As Abraham Lincoln once famously said, don’t believe everything you read on the internet. You have to be savvy in the Information Age, and the garish katzenjammer of fake news, clickbait and “alternative facts” makes a battle out of separating the wheat from the chaff. I’m skeptical about a lot of things on the world wide web, and the idea of Russian bot accounts built in so-called troll farms sounded like just another conspiracy theory to me. That was until I saw Alex Gibney’s two-part docuseries Agents of Chaos, a brilliantly lucid deepdive into the Russian interference in the 2016 U.S. Presidential Election.
A long time in the making
The prolific filmmaker has made great films about former Russian oligarchs (Citizen K), corrupt lobbyists (Casino Jack), and Wikileaks (We Steal Secrets). It was only a matter of time before his political interests would cross-pollinate and he would make such a documentary as Agents of Chaos. His clout as an esteemed filmmaker pulls in a host of fascinating contributors. They range from Margarita Simonyan, the editor-in-chief of the infamous state-sponsored Russian TV network RT, to ex-FBI Deputy Director Andrew McCabe, to John Podesta, former White House Chief of Staff.
The two episodes are distinct yet smoothly interwoven to paint the reality of collusion. The first episode is about the inception of the tactics used to establish Trump in the White House, including how the seed of Russian interference was planted in Ukraine, which infamously led to riots in 2014. We see how, during the crisis between the nations, there were fake videos created of fascist militant groups operating in Ukraine (naturally, conspiracy-site InfoWars fell for these dubious recordings). None of it feels too academic or hard to grasp and the profile of Yevgeny Prigozhin, Putin’s chef and head of a troll factory, is particularly eye-opening.

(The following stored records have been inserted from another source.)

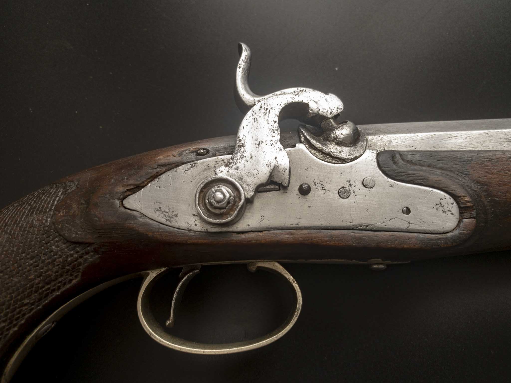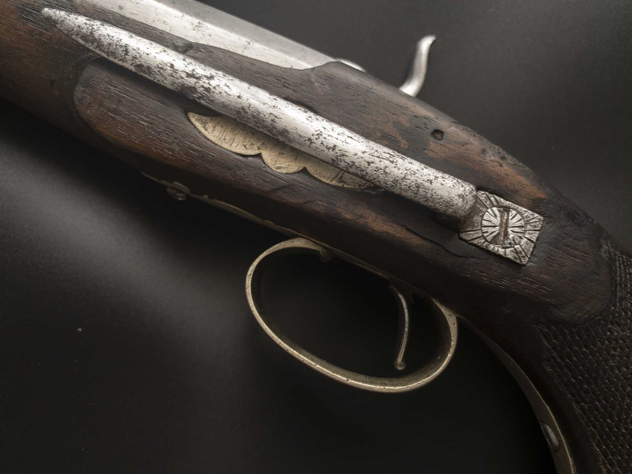 Перед вами оригинальный антикварный пистолет с капсюльным замком Испанского происхождения, об испанском происхождении говорят две металлические качели под курком, указывающие на тип замка «Miquelet lock», что был популярен в Испании.
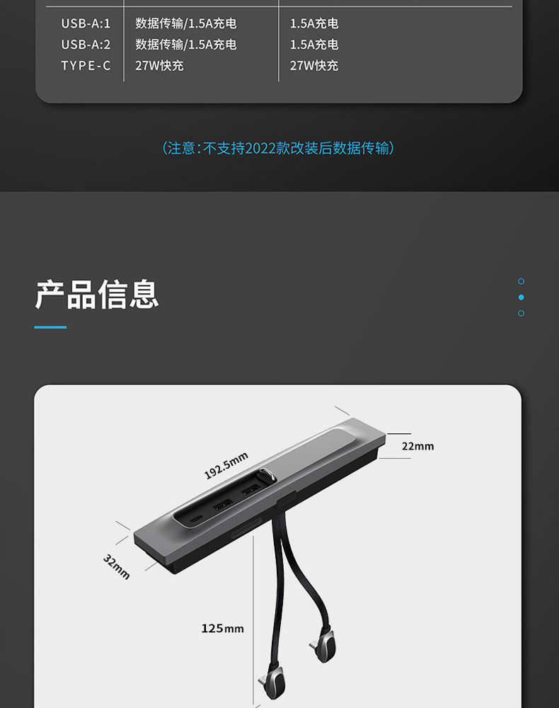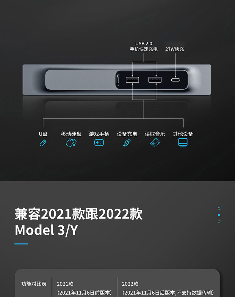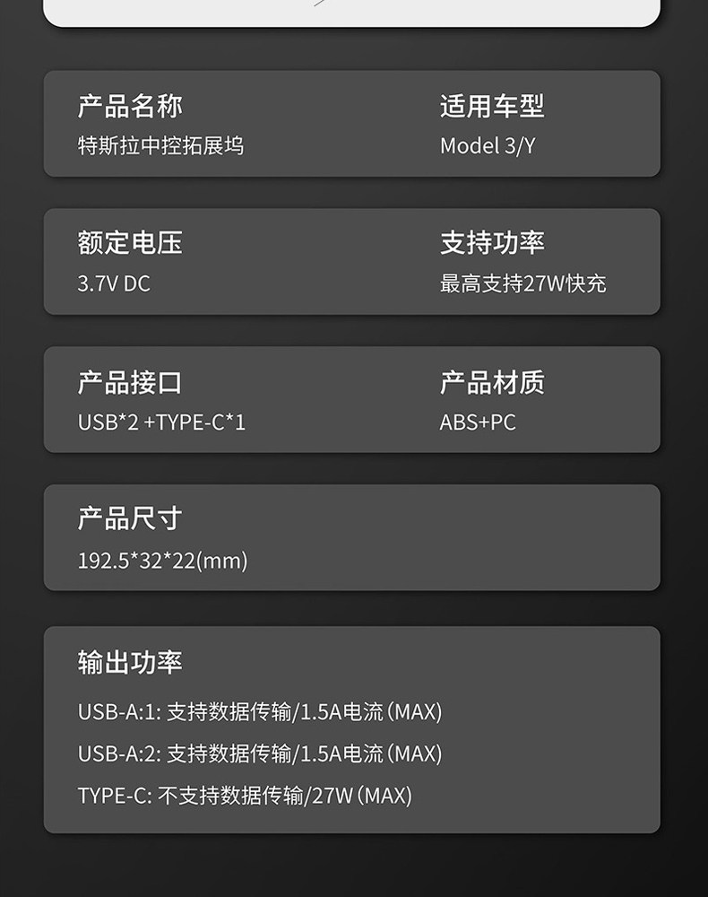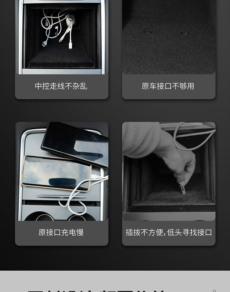 Подходит для док -модели Tesla модели3/Y средний -контрольный концентратор USB -аксессуары USB -зарядки
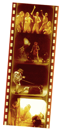 El espectador que aspirara a seguir el hilo de la trama de AlucineCinema/Zinema- se encontraría en sus inicios la secuenciación de la irracionalidad de la Prehistoria humana: desde los homínidos de Odisea Espacial allá donde estuvo el paraíso, no el gallinero-, pasando por los monos de Tarzán extraños en el paraíso-, hasta llegar al plato fuerte de King-Kong duelo en el paraíso-, gorilas en la niebla de un humo que crea la atmósfera propicia para la mutación antes de que se represente en escena la sinrazón propiamente humana, como la del nazi alienado y alienante Niebla y humo- o el maléfico Sir Dark, previos a la fumata blanca de los héroes positivos como Indiana Jones o Supermán o de las heroínas, tan ardientes como Gilda fumando espero al hombre que yo quiero-, y la posterior aceleración vertiginosa de un carrusel de acciones marcadas por el activismo y la ocupación permanente del espacio en virtud del horror vacui- que disipa los restos de orden racional de la secuenciación, dispersas las acciones mutantes en heterogéneo batiburrillo de mosqueteros y piratas, oficiales, vaqueros, indios o caballeros-, y arrastra al espectador hacia un frenesí cinético, disparatado, que tiene más de Mortadelo que de Héroe de las mil caras, de un caricaturesco Carnaval que de una danza de máscaras, de viñeta de tebeo infantil-juvenil que del divertido sueño loco de una mañana de invierno.
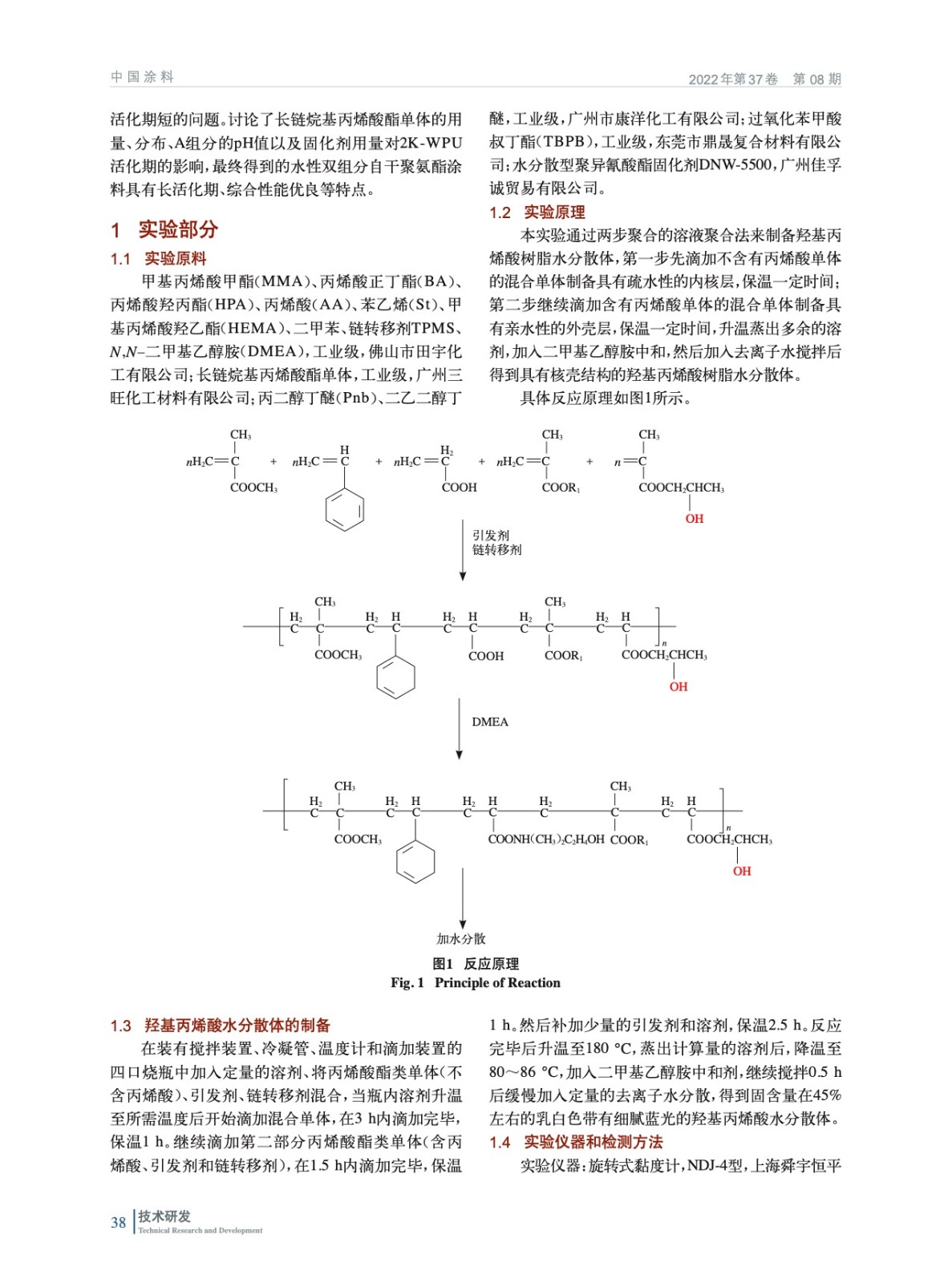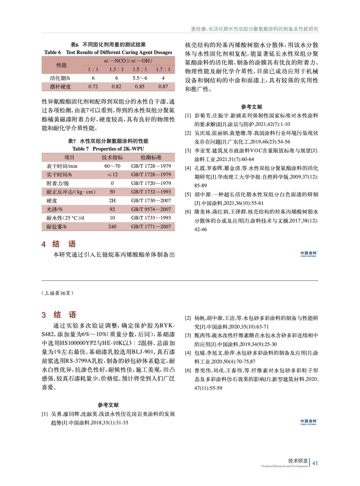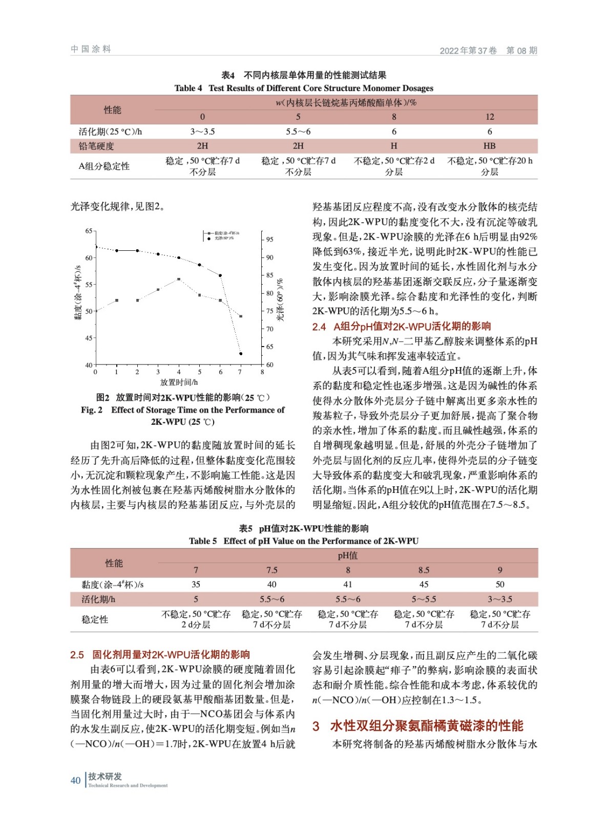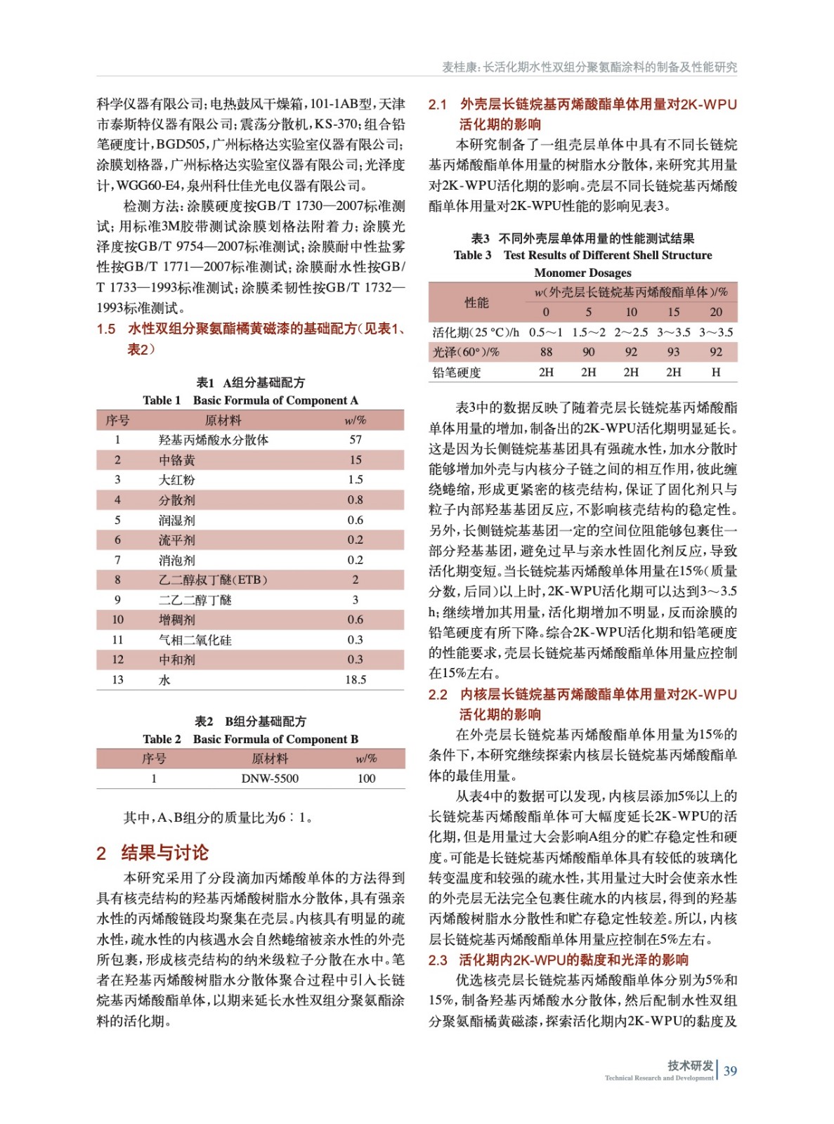 通過引入長鏈烷基丙烯酸酯單體制備出具有核殼結構的羥基丙烯酸樹脂水分散體,采用其與親水改性多異氰酸酯固化劑配制水性雙組分聚氨酯涂料(2K-WPU),對影響水性雙組分涂料活化期問題進行研究,最終得到的水性雙組分自干涂料具有長活化期、綜合性能優良等特點。
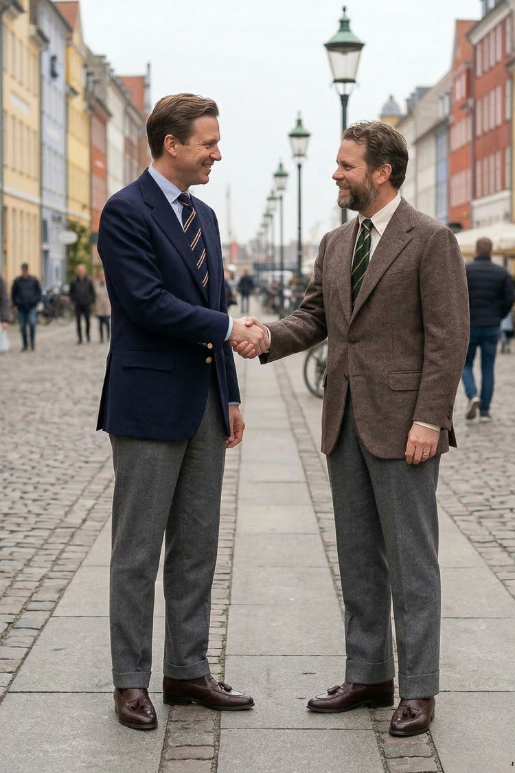 På det øverste foto mødes blazermanden og tweedmanden ved Nyhavn i København. Dem har jeg givet nærværende to skræddersyede jakker på, en blazer i marineblå hopsack og en jakke i meleret brun tweed.
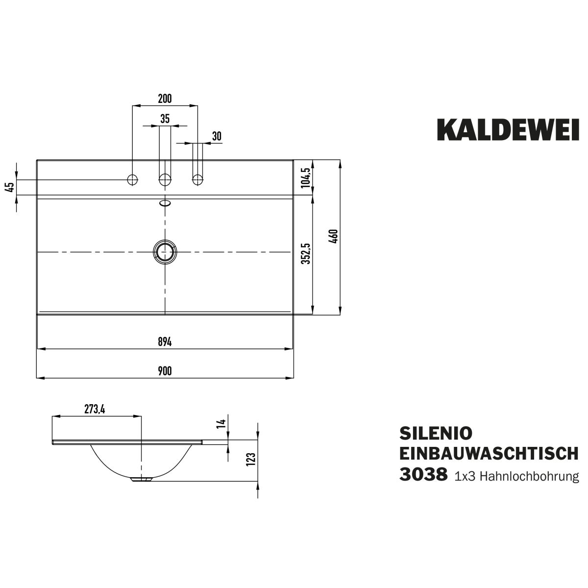 Kaldewei Silenio lavabo 90x46 cm rectangular empotrado blanco 907806033001
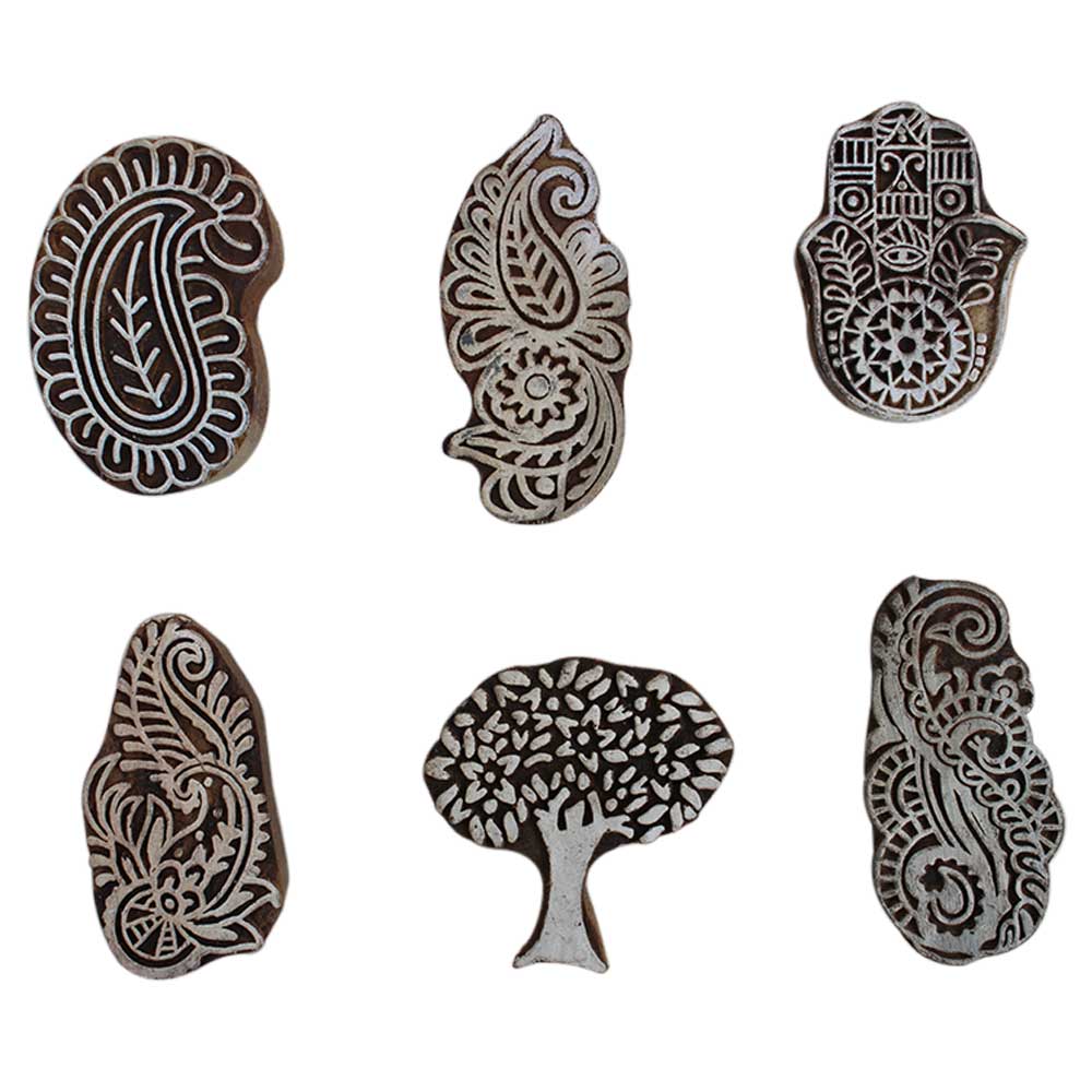 Set of 6 Piece New Mix Wooden Printing Block. Ideal for Using on Fabric, Paper, Canvas, etc. These Blocks can be use to Print with Oil Colors, Fabric Colors, Water Colors, Acrylic Colors and Vegetable Colors.
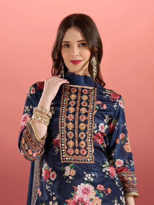 Ethnic Floral Printed & Embroidered Straight Fit...
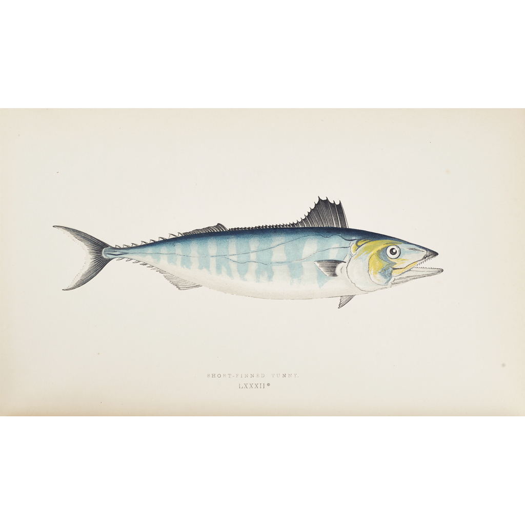 A History of Fishes of the British Islands. London: Groombridge, 1862-65. First edition, 4 volumes, 8vo, 252 colour plates, 1 uncoloured plate, original decorative blue cloth gilt, occasional light spotting, slightly rubbed
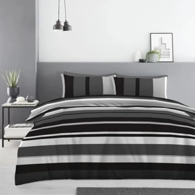 PREMIUM POLYCOTTON FABRIC: Crafted from a soft and durable blend of (70 % polyester and 30 % cotton), this bedding set offers the perfect balance of breathability, comfort, and easy maintenance for year-round use. EYE-CATCHING DESIGN: Features a stylish and modern pattern that adds a touch of elegance and charm to any bedroom décor, this bedding set features vibrant colors and contemporary patterns instantly uplifting the look of your space. PERFECTLY SIZED: Includes 1 fitted sheet (152x203 + 25cm), 1 duvet cover (230x220cm), and 2 pillowcases (50x75cm), tailored to fit standard UK king size beds with a smooth and secure finish. BREATHABLE & ALL-SEASON COMFORT: The lightweight polycotton material promotes airflow to keep you cool in summer and cozy in winter, making it a versatile choice for year-round use. CARE INSTRUCTIONS: Machine washable at 40C. Tumble dry at low temperature. Do not dry clean. iron at low temperature. Do not bleach. Steam ironing may be a risk.
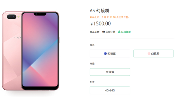 oppoa5多少钱?从官网上架的信息来看,oppoa5售价是1500元,如图:
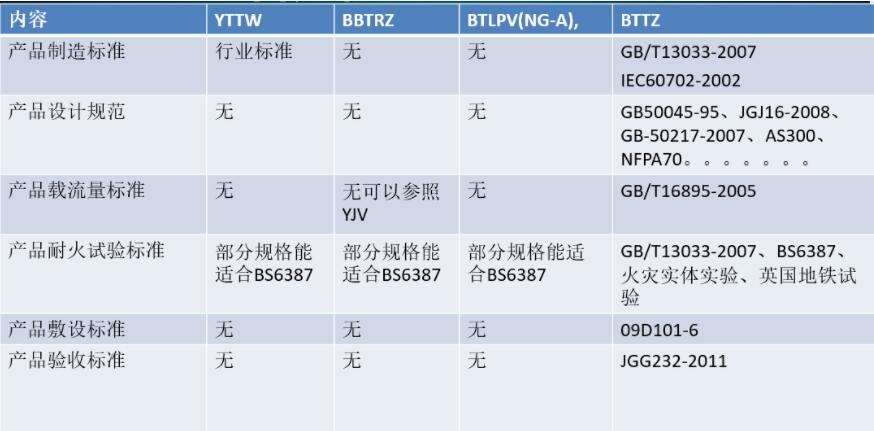 目前市場銷售較好的BTTZ 、YTTW、BTLY、BBTRZ主流四種型號,其中YTTW燃燒后云母帶會脆裂粉化;BTLY彎曲性能受限;BTLY和BBTRZ氫氧系阻燃劑調(diào)配防火泥材料無絕緣性能,
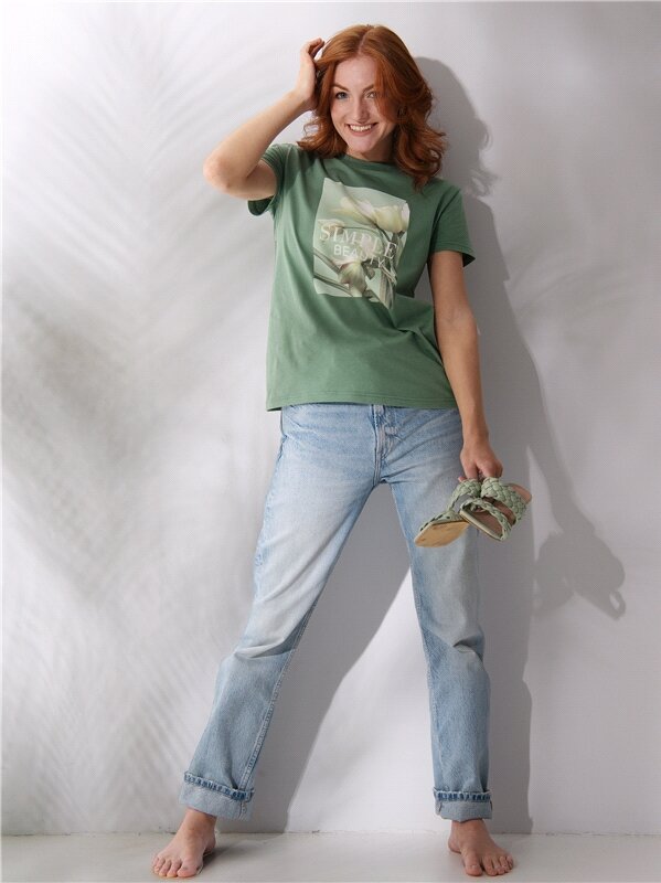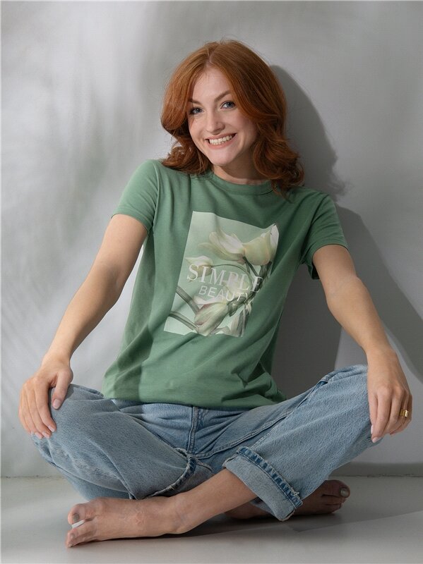Купить Футболка женская с принтом хлопок 100% Апрель 1ЖДФК2657001/1190/2509/*/3426/*/*/* зеленый 84-164
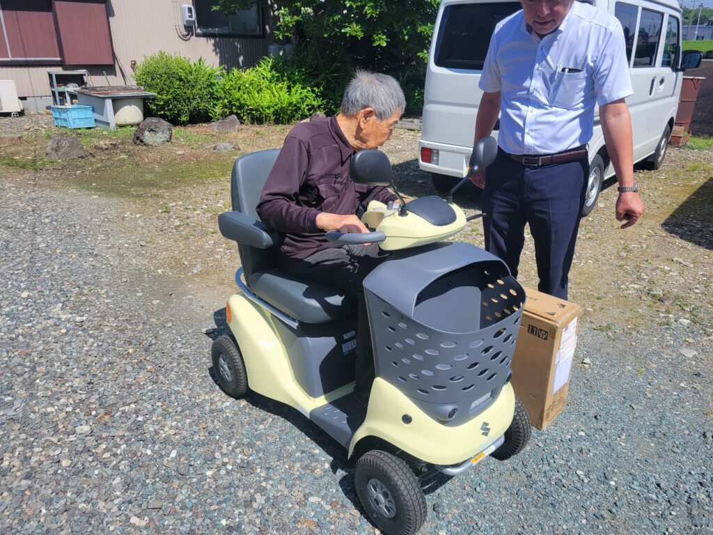 浜松市中央区で新型セニアカーの試乗をしました。まだ運転が不安そうでしたので後... -

Camille Francois, a cybersecurity researcher, provides fascinating insight, speaking on the results of her study of a Russian troll farm called Internet Research Agency (a very intentional acronym). The first-hand footage of nerdy guys working overtime to pump out legions of fake profiles in an office in St. Petersburg is supplied by an investigative journalist who visited and recorded what otherwise looks like a typical corporate environment. A couple of professional trolls sit down with Gibney and explain how they were lured into what seemed like regular civil service jobs, with the true intentions masked until they were given specific directions.
Manipulating the masses
Francois affirms something we all may have suspected: it’s not just the racist, sexist, alt-right bots that exist, but there are also accounts made to exploit issues mattering to the left. A given example is a fake page about BLM, which would promote unsourced clickbait and fake news to essentially sow division. Regardless of what happens with these viral sensations, at the very least, just a moral panic is a victory at the troll farm. It’s terrifying just how easy it is for phony Facebook pages to manipulate the masses and create hate. This is also alluded to in the recent Netflix documentary The Social Dilemma, which is a great precursor to this film. Together, these films provide startling revelations about social media as a tool of global manipulation.
Episode 2 is much more focused on the bureaucratic, examining the narrative entailing the key persons of interest in the FBI probe, including convicted lobbyist Paul Manafort, and is somewhat less absorbing because of the high exposure during the new cycle. As a result of being reported on so much, It’s a little bit less interesting than the revelations of the first episode, but still engaging thanks to the filmmaker’s accessible style and certainly provides clarity. Under Gibney’s guidance, it makes you feel like you’re learning in the class of your favourite college professor, who knows best how to hold your attention, ably elucidate on key points, and offer plenty of food for thought.
Conclusion: Agents of Chaos
Agents of Chaos is an incredibly rich examination of the most pressing concern around the 2016 U.S. Presidential Election. One hopes that Gibney’s cinematic thesis helps to prevent democracy from being further undermined in 2020. Drawing on an abundance of primary source material and candid testimonies from a multitude of interviewees – one choice moment is a gleeful Simonyan saying “Of course Russians prefer Trump because Trump said he prefers Russians!” – Agents of Chaos disentangles the knotty web of US-Russia relations with a perspicuous structure.
Will you be tuning into watch Agents of Chaos? Let us know in the comments below.
Agents of Chaos will debut on HBO on the 23rd and 24th September 2020 and will be available to stream on HBO Max.